The main difference between the two surgeries is that with mastectomy – which removes nearly all the breast tissue – there is no risk for an in-breast recurrence. An in-breast recurrence following lumpectomy can be treated successfully with mastectomy. However, women do not always have a choice about which surgery they will undergo. For example, if a tumor is extremely large or there is extensive calcification in the breast tissue, some patients may require a mastectomy for optimal treatment.
Radiation is usually prescribed after a lumpectomy. If the tumor is large or the lymph nodes are positive for breast cancer, radiation to the chest wall and lymph node regions may also be prescribed after a mastectomy.
Sometimes radiation is given to women with metastasis of cancer to other parts of the body (for example: bone) in order to shrink the cancer and reduce symptoms.
Mastectomy vs. Lumpectomy
In long periods of follow-up, survival rates are equivalent (no difference in risk of distant metastasis or death) no matter which type of surgery a woman undergoes.
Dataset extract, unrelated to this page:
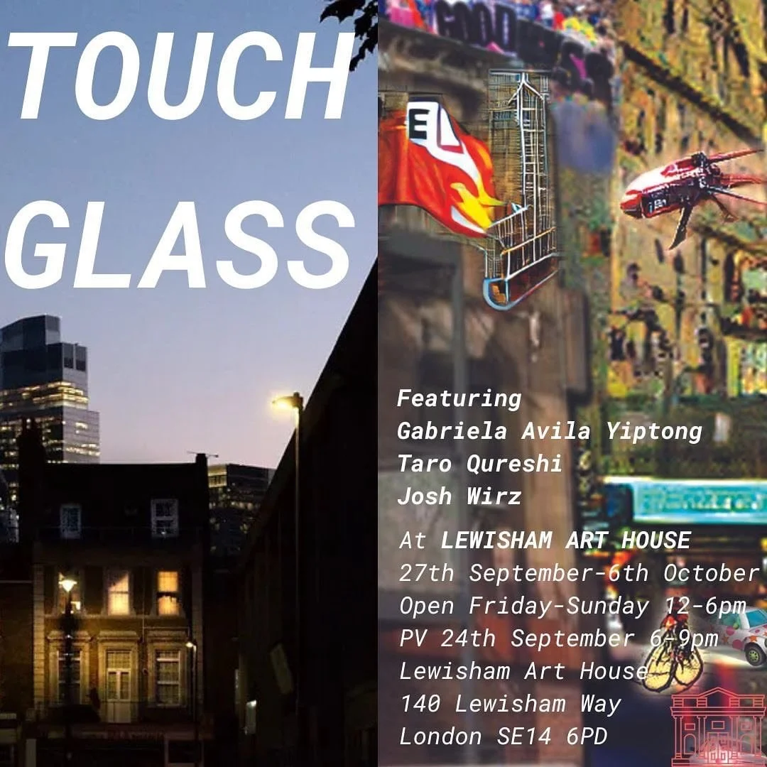 Opening this September at Lewisham Arthouse, Touch Glass presents recent work and new commissions by Josh Wirz, Gabriela Avila Yiptong and Taro Qureshi in an exhibition organised and curated by Cameron McClellan. Touch Glass’s title plays with the phrase “Touch Grass”, recently popularised as a playful insult online to encourage the target to go outside and regain touch with the natural world and their “common-sense” following too much time on social media. The exhibition instead encourages audiences to “lock in” with work exploring how technology mediates how we see the world and reflect on our place within it. Across the medium of photography, painting, performance and site-specific installation, the show addresses the “new normal” of the 2020s through a direct interrogation of ongoing crises around housing, artificial intelligence and social media content.

Because of the very high risk for a second (or third) breast cancer diagnosis, some women who are diagnosed with hereditary breast cancer choose bilateral mastectomy (surgical removal of both breasts) rather than lumpectomy and radiation. Studies have shown similar survival rates for women with BRCA mutations who undergo lumpectomy and radiation as compared with women who undergo mastectomy. However, mutation carriers who undergo mastectomy are less likely to develop a second breast cancer since the at-risk breast tissue has been removed.